Again after code-cleanup and optimization, this code is gone.
> + }
> + }
> +out:
> + spin_unlock(&vfspnode_lock);
> + return ret;
> +}
> +
> +
> +static void
> +_pnode_disassociate_mnt(struct vfsmount *mnt)
>> Two underscores, please.
Yes. Did it!
> +struct vfsmount *
> +pnode_make_mounted(struct vfspnode *pnode, struct vfsmount *mnt, struct dentry *dentry)
> +{
> + struct vfsmount *child_mnt;
> + int ret=0,traversal,level;
>> Spaces, please.
Yes done.
> + struct vfspnode *slave_pnode, *master_pnode, *child_pnode, *slave_child_pnode;
> + struct vfsmount *slave_mnt, *member_mnt, *t_m;
>> Formatting damage.
Yep. Done
> + while(pnode_next(&context)) {
>> Missing space before parenthesis.
Done
> + traversal = context.traversal;
> + level = context.level;
> + pnode = context.pnode;
> + slave_pnode = context.slave_pnode;
> + master_pnode = context.master_pnode;
> +
> + if (traversal == PNODE_DOWN ) {
>> Use switch statement here.
yep! did it.
> + if (master_pnode) {
> + child_pnode = (struct vfspnode *)p_array[level-1].in_data;
>> Redundant cast.
done.
> + } else {
> + child_pnode = NULL;
> + }
>> Extra braces.
done
> + while (!(child_pnode = pnode_alloc()))
> + schedule();
>> This looks dangerous. Why this must not fail and in other places you
>> return -ENOMEM?
I have changed it to return -ENOMEM. But its not perfect yet. The
code is not graceful returning. It leaves around some data-structures.
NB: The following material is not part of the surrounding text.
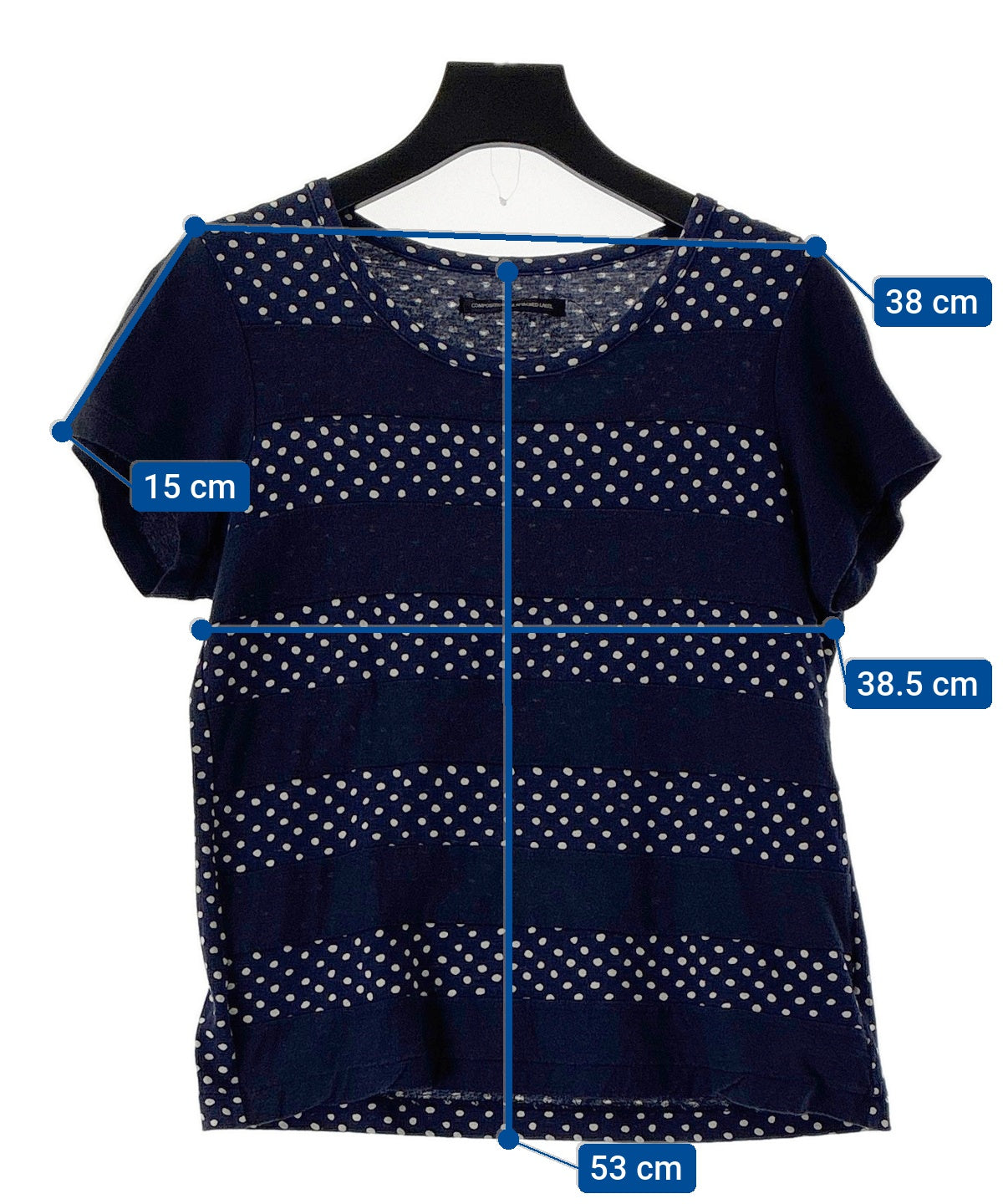 [แบรนด์] Y's [เพศ] ผู้หญิง [สภาพ] B [สี] สีน้ำเงินกรมท่า x สีขาว (จุด) [ขนาด] 2 (เทียบเท่ากับ S) [ขนาดจากการวัด(ซม)] ความกว้าง: 38.5ซม ความกว้างไหล่: 38ซม ความยาวแขนเสื้อ: 15ซม ความยาว: 53ซม ความกว้าง:46ซม ความกว้างไหล่:33.5ซม ความยาวแขนเสื้อ:14ซม ความยาว:51ซม [วัสดุ] ผ้าฝ้าย100% [ประเทศที่ผลิต] ญี่ปุ่น [รายละเอียดอื่น ๆ] ฤดูกาล: ฤดูใบไม้ผลิ/ฤดูร้อน กระเป๋า: ไม่ ซีทรู/สามารถมองทะลุได้: ไม่ ความหนาของผ้า: ความหนาทั่วไป ซับใน: ไม่ ความยืดหยุ่น: ใช่ รู้สึกได้ถึงความมันเงา: ไม่ ประเภทตัวยึด: ไม่มี |

I am working on this last aspect currently.
> + p_array[level].my_data = (void *)child_pnode;
>> Redundant cast.
Yes. done.
> + child_pnode = (struct vfspnode *)p_array[level].my_data;
>> Redundant cast.
Yes. done.
> +#define MS_PRIVATE 262144
> +#define MS_SLAVE 524288
> +#define MS_SHARED 1048576
>> The expression (1<<bit) would make more sense here.
Yes. done.
> Index: 2.6.12/include/linux/pnode.h
> ===================================================================
> --- /dev/null
> +++ 2.6.12/include/linux/pnode.h
> @@ -0,0 +1,78 @@
> +/*
> + * linux/fs/pnode.c
> + *
> + * (C) Copyright IBM Corporation 2005.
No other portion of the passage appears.